Can we push this to the next release ?
I discussed the fix yesterday w/ Robert and we will pursue a slightly different fix, which should be ready shortly. however, this bug has been there from the very first commit implementing with_fanout
, so I wouldn't delay this specific release on it.
Ack. Removing this from the milestone for now.
current fix caused an OOM in one of customers' pipelines , planning to revert and investigate further.
Is it possible that the OOM is unavoidable because of the fix? This is a pretty seriouis data corruption problem, no? I suppose it is not a regression but I would very much like 2.44.0 to have correct results in this situation.
Is it possible that the OOM is unavoidable because of the fix?
it's unlikely
This is a pretty seriouis data corruption problem, no? I suppose it is not a regression
that's correct. it has been there since when with_fanout was added.
but I would very much like 2.44.0 to have correct results in this situation.
I am planning to come back to it next week when I am on a rotational duty again.
OK given this context I am going to remove the release milestone. We can document the range of releases for which it does not work.
Actually simply disabling it would be a reasonable way to protect user data and we should do that in the immediate term.
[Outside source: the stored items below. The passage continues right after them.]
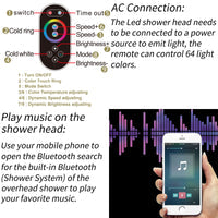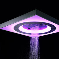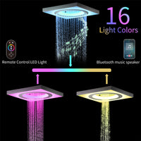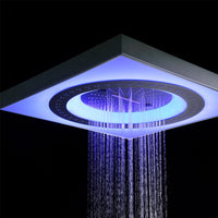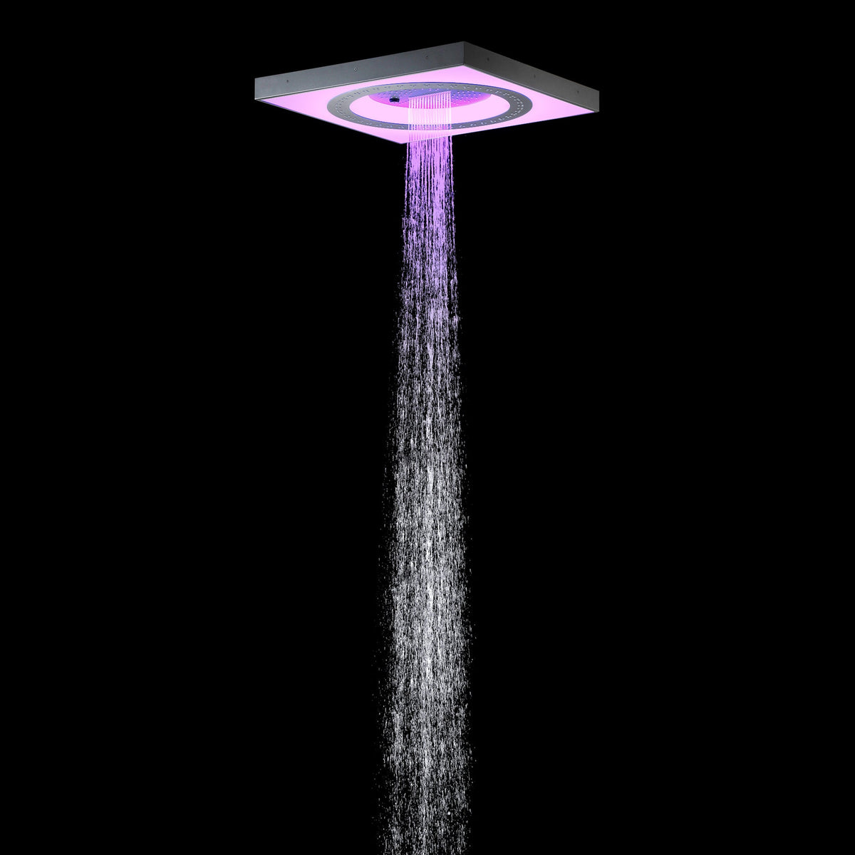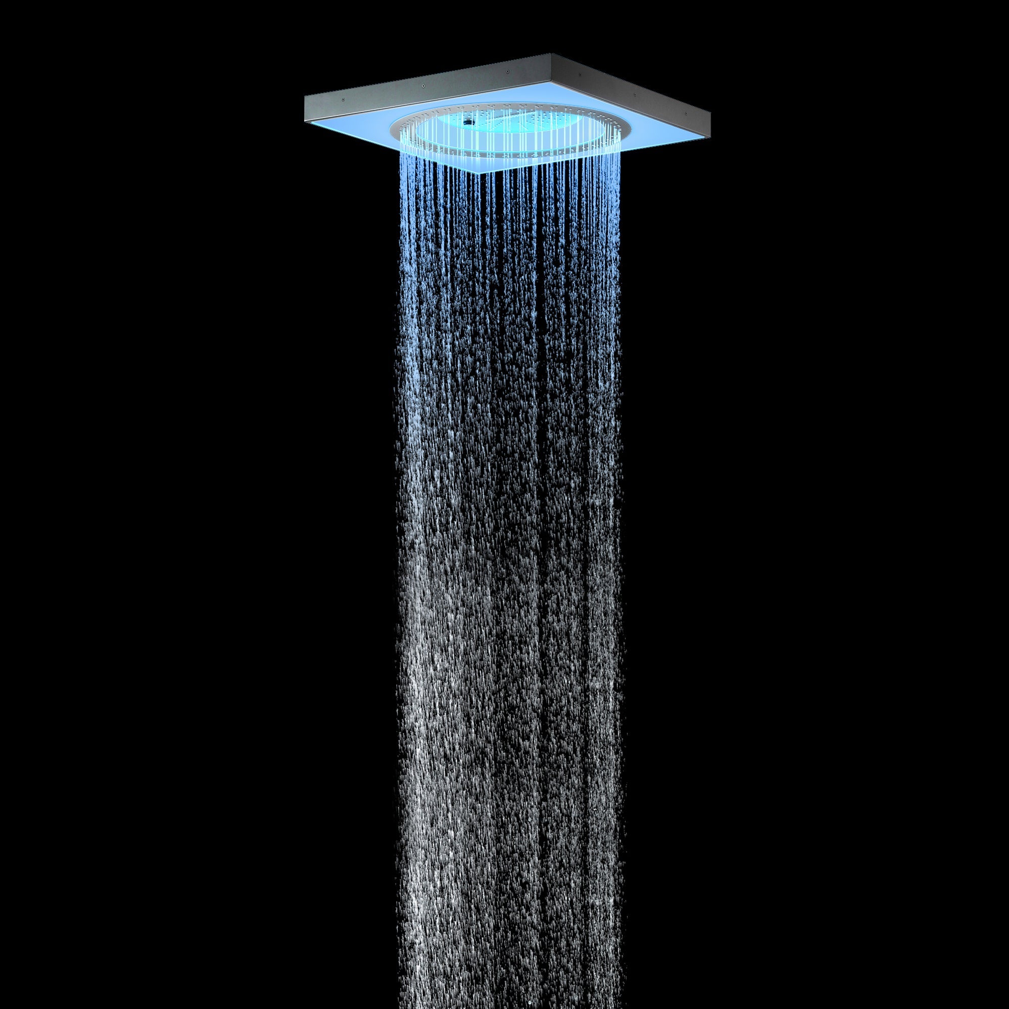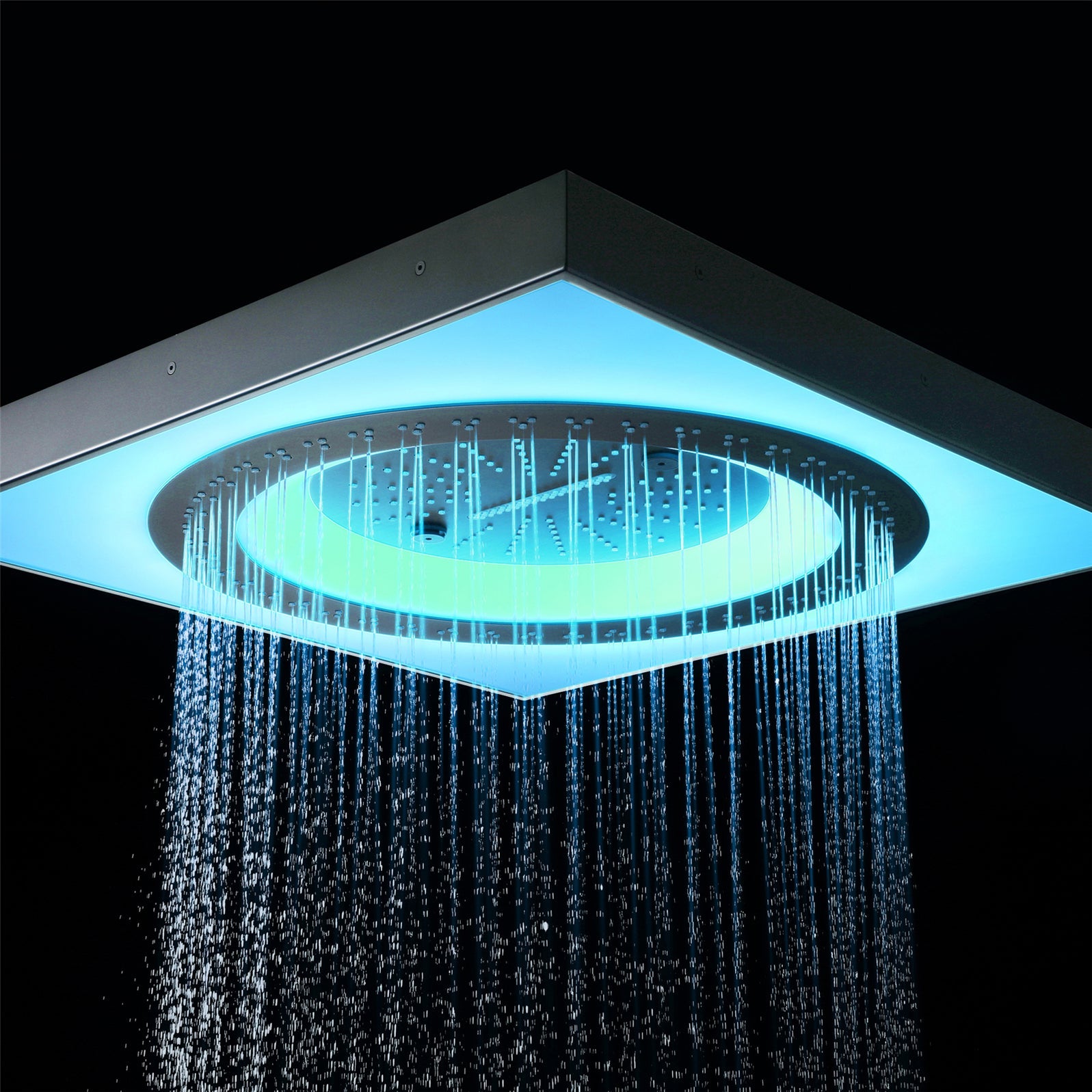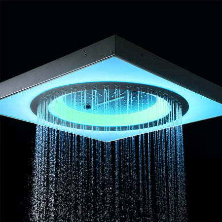 The system includes a large 24 x 24 inch rainfall shower head, complete with 16 LED lights that can be controlled by a remote panel. You can turn the lights on or off as you shower, personalizing your experience. The LED lights are powered electronically and offer manual operation, allowing you to select from 16 different colors. It has two separate rainfall feature plus one waterfall feature.
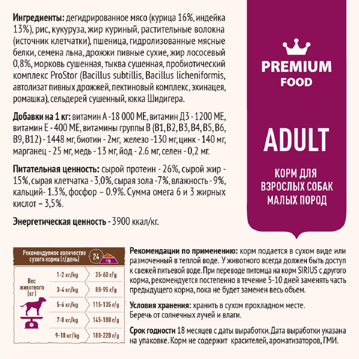 SIRIUS для взрослых собак маленьких пород с индейкой (2 + 2 кг)
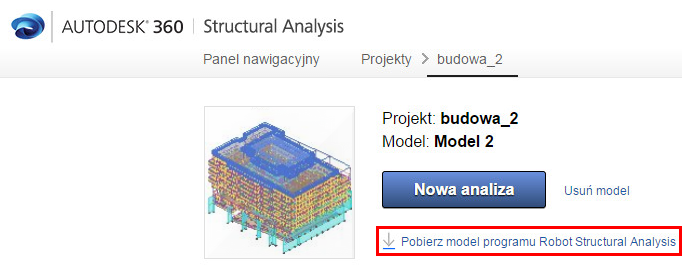 (Pobierz model programu Robot Structural Analysis) w kolumnie Analiza.
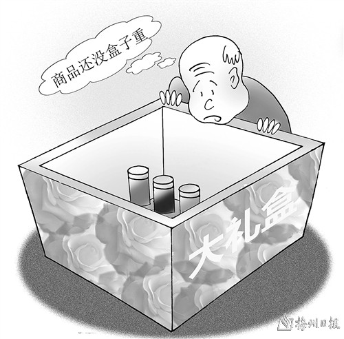 “一件大礼盒,居然就放了3小罐黑芝麻糊。把它们并排摆放好,体积不足礼盒的四分之一。”近日,河南灵宝的姚先生买了一套无蔗糖黑芝麻糊礼盒拿给父母,没想到却被埋怨。姚先生的遭遇并非个例。有媒体调查发现,临近新春佳节,不少商家推出了精美礼盒,但一些礼盒明显存在过度包装之嫌,不仅华而不实,而且让一些消费者质疑自己是在“为包装买单”。陶小莫/图
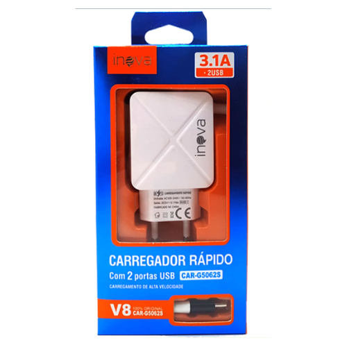O Carregador Rápido Inova CAR-G5062 foi desenvolvido para proporcionar carregamento mais ágil e estável, reduzindo o tempo necessário para recarregar smartphones e outros dispositivos compatíveis. É indicado para uso diário em casa, no trabalho ou em viagens, oferecendo praticidade e confiabilidade.
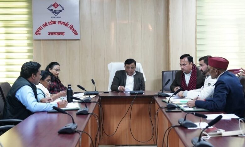 देहरादून।मुख्यमंत्री पुष्कर सिंह धामी के निर्देशानुसार सूचना महानिदेशक बंशीधर तिवारी की अध्यक्षता में पत्रकार कल्याण कोष (कॉरपस फंड) एवं मुख्यमंत्री पत्रकार सम्मान पेंशन योजना समिति की बैठक संपन्न हुई।
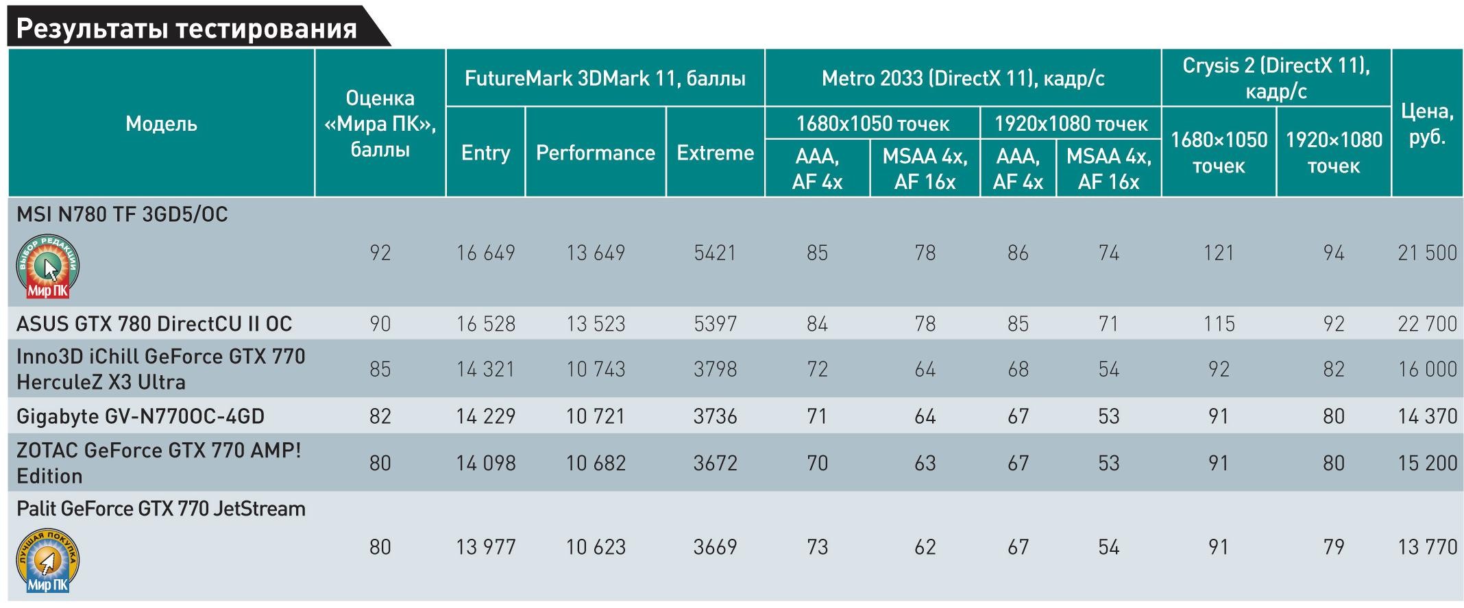 Тестирование завершено, пора подвести итоги. На сей раз значок «Лучшая покупка» по праву заслужила видеокарта Palit GeForce GTX 770 JetStream, поскольку она имеет отличное соотношение цена/производительность. А вот выбором редакции стала модель MSI N780 TF 3GD5/OC — на наш взгляд, она является наиболее оптимальной для тех, кто пытается «выжать» из видеокарты все, на что она способна.
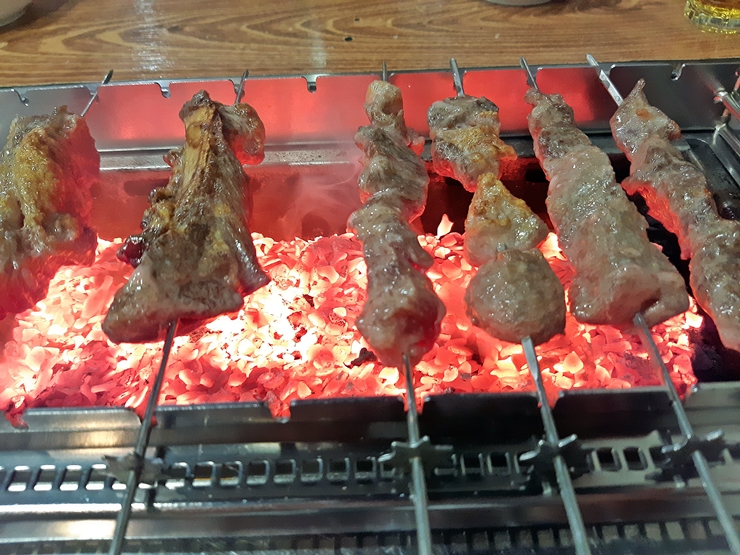 조심조심 양갈비 꼬치구이를 올리고, 잘 익을 때까지 기다린다. 구워지고 있는 양고기의 향이 나의 식욕을 자극한다. 아아, 지금 봐도 군침이 싹 돈다.

The mitigation has been cherrypicked, so I am removing it from the 2.44.0 milestone. The bug remains open.
If this is now disabled, is it perhaps P2?
If it isn't actively being worked on, I suggest downgrading and unassigning.
any progress on this ?
we had a tentative fix but it has caused a performance regression and was rolled back; since then it remains in the backlog.
I need the combiner because group-by is ineffective. And i needed it to further fanout as its streaming kafka input at quite a high rate.
any possible workaround approaches ?
Ack. this feedback would help w/ prioritization.
I'm not sure I can answer based on limited information about the usecase, but for experimentation processes you could apply https://github.com/apache/beam/pull/23828 locally. These changes only matter at job submission.
not only there are more than 1 result per window, results for each window got duplicated as well.
here is some code I made to reproduce the issue, just run it with and without
*.with_fanout*
if running with Dataflow runner, add appropriate
*gs://path/*
in*WriteToText*
Imported from Jira BEAM-10617. Original Jira may contain additional context. Reported by: leiyiz.